* Task input *

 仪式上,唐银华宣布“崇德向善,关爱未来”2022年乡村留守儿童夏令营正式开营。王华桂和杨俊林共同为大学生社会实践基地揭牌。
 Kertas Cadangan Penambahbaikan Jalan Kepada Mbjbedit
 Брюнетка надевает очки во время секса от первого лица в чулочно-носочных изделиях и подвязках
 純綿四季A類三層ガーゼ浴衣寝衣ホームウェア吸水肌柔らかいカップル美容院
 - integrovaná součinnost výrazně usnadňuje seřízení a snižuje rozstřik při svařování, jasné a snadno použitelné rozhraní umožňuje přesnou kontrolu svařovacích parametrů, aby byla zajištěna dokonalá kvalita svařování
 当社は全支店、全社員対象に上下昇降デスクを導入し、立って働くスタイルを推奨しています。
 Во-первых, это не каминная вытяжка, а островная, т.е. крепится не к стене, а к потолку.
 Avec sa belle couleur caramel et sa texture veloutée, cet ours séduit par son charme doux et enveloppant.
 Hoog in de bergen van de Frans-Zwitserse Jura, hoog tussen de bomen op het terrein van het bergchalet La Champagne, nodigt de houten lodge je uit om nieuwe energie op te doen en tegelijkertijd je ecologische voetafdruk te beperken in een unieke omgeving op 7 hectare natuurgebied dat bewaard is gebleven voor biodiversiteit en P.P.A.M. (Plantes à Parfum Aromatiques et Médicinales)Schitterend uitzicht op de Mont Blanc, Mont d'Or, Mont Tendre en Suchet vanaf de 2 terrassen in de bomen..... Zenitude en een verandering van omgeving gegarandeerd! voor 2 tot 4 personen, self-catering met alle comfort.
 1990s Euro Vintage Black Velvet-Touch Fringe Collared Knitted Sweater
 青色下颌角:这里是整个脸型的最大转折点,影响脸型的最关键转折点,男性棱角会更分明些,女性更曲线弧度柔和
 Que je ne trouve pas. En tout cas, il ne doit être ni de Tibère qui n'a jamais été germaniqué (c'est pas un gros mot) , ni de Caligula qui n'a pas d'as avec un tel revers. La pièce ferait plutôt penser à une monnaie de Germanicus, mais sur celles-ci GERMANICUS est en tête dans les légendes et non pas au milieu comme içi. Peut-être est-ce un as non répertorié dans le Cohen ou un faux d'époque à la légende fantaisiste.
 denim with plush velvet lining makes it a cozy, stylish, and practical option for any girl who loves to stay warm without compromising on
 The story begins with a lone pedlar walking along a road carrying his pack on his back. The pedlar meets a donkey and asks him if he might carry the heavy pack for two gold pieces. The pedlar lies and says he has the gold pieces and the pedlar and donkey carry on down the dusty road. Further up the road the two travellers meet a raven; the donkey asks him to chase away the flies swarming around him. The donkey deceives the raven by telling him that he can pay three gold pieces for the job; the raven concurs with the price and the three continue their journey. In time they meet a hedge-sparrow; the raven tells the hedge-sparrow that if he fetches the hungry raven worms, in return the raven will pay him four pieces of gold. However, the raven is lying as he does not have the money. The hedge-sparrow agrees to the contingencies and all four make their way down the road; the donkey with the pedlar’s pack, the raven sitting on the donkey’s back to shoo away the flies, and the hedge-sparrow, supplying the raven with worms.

* Problem description *
Your answer should be the lines of the listing above between the line holding "Hoog in de bergen" and the line holding "denim with plush", inclusive, restated word for word and alone.

* Response *
 Hoog in de bergen van de Frans-Zwitserse Jura, hoog tussen de bomen op het terrein van het bergchalet La Champagne, nodigt de houten lodge je uit om nieuwe energie op te doen en tegelijkertijd je ecologische voetafdruk te beperken in een unieke omgeving op 7 hectare natuurgebied dat bewaard is gebleven voor biodiversiteit en P.P.A.M. (Plantes à Parfum Aromatiques et Médicinales)Schitterend uitzicht op de Mont Blanc, Mont d'Or, Mont Tendre en Suchet vanaf de 2 terrassen in de bomen..... Zenitude en een verandering van omgeving gegarandeerd! voor 2 tot 4 personen, self-catering met alle comfort.
 1990s Euro Vintage Black Velvet-Touch Fringe Collared Knitted Sweater
 青色下颌角:这里是整个脸型的最大转折点,影响脸型的最关键转折点,男性棱角会更分明些,女性更曲线弧度柔和
 Que je ne trouve pas. En tout cas, il ne doit être ni de Tibère qui n'a jamais été germaniqué (c'est pas un gros mot) , ni de Caligula qui n'a pas d'as avec un tel revers. La pièce ferait plutôt penser à une monnaie de Germanicus, mais sur celles-ci GERMANICUS est en tête dans les légendes et non pas au milieu comme içi. Peut-être est-ce un as non répertorié dans le Cohen ou un faux d'époque à la légende fantaisiste.
 denim with plush velvet lining makes it a cozy, stylish, and practical option for any girl who loves to stay warm without compromising on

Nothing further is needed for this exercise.